KÜÇÜK ADIMLAR ERKEN EĞİTİM PROGRAMI

Küçük Adımlar, gelişimsel geriliği olan çocuklara yönelik sekiz ciltlik bir erken eğitim programıdır. Bu program Avustralya’da Macquarie Üniversitesi’nde geliştirilmiş ve Anadolu Üniversitesi Engelliler Araştırma Enstitüsü öğretim üyeleri tarafından Türkçe’ye uyarlanmıştır. Küçük Adımlar Programı 0-4 yaş arasında normal gelişim sürecinde edinilen becerileri kapsamaktadır. Dolayısıyla gelişimsel geriliğin düzeyine ve özelliklerine bağlı olarak, bu dönemdeki ya da daha büyük yaşlardaki çocuklarda kullanılabilmektedir.

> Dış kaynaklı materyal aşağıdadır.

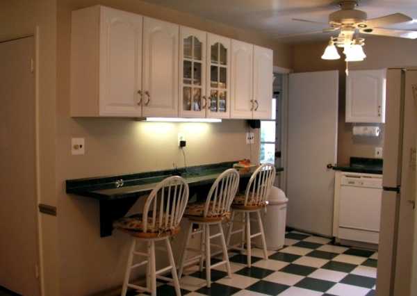 Кстати, стоит добавить, что столик как продолжение кухонной мебели может располагаться не только в боковой части, но и даже посередине. Такой ход довольно оригинален и поможет украсить вашу кухню.

Küçük Adımlar Programı anne-babaların kullanımı için hazırlanmıştır ancak öğretmenler, terapistler tarafından da yaygın olarak kullanılmaktadır.Yalnızca öğretim programı açısından değil, aynı zamanda “ne, nasıl öğretilmeli?” yaklaşımı açısından da kapsamlıdır.

MONTESSERİ EĞİTİMİ

Montessori eğitimi adını İtalya’nın bilim insanı ve ilk kadın doktoru olan Pedagog Maria Montessori’den almıştır. Montessori eğitimi, çocukların bireysel anlamda kendi öğrenme hızlarına göre geliştirilmiş bir eğitim tarzıdır. Çocuk neyi, ne zaman, nasıl, nerede ve nasıl istiyorsa o şekilde özgürce kendisinin deneyip, uğraşarak öğrenmesine izin verir. Çocuklar bu metot da ellerini özgürce kullanırlar. Soyutsallık birinci amaçtır. Önemli olan çocuğun kendi hür iradesi ile verdiği kararlar ve isteklerdir. Her çocuk farklıdır, kendine özeldir. Biri 1 yaşındayken yürüyüp aynı anda konuşabilirken bir diğeri bunlar yerine çok daha farklı becerilere sahip olabilir. Çocuğun bu eğitim ile birlikte eylemlerini veya hatalarını kendi başına kontrol etmesi ve farkına varabilmesini sağlayan bir eğitim sistemidir. Montessori Eğitiminin Çocuğa Kazandırdıkları Nelerdir? Özgüveni yüksek bir birey olur. Sosyal bir çocuk ve gelecekte sosyal bir birey olur. Sorumluluk sahibi, her işini kendisi yapabilen ve tek başına yetebilen bir yetişkin olur. Hem kendine hem de kendinden başka olan herkese ve her şeye saygı duymayı öğrenir. Çalışkan, üretken ve enerjik olur. Problem çözücü ve kriz yönetici özellikleri gelişir. Dikkatli ve motivasyonu yüksek bir çocuk olur. Hayattan zevk almaya çalışan, pozitif düşünceli ve dikkat yönü gelişmiş bir insan olur.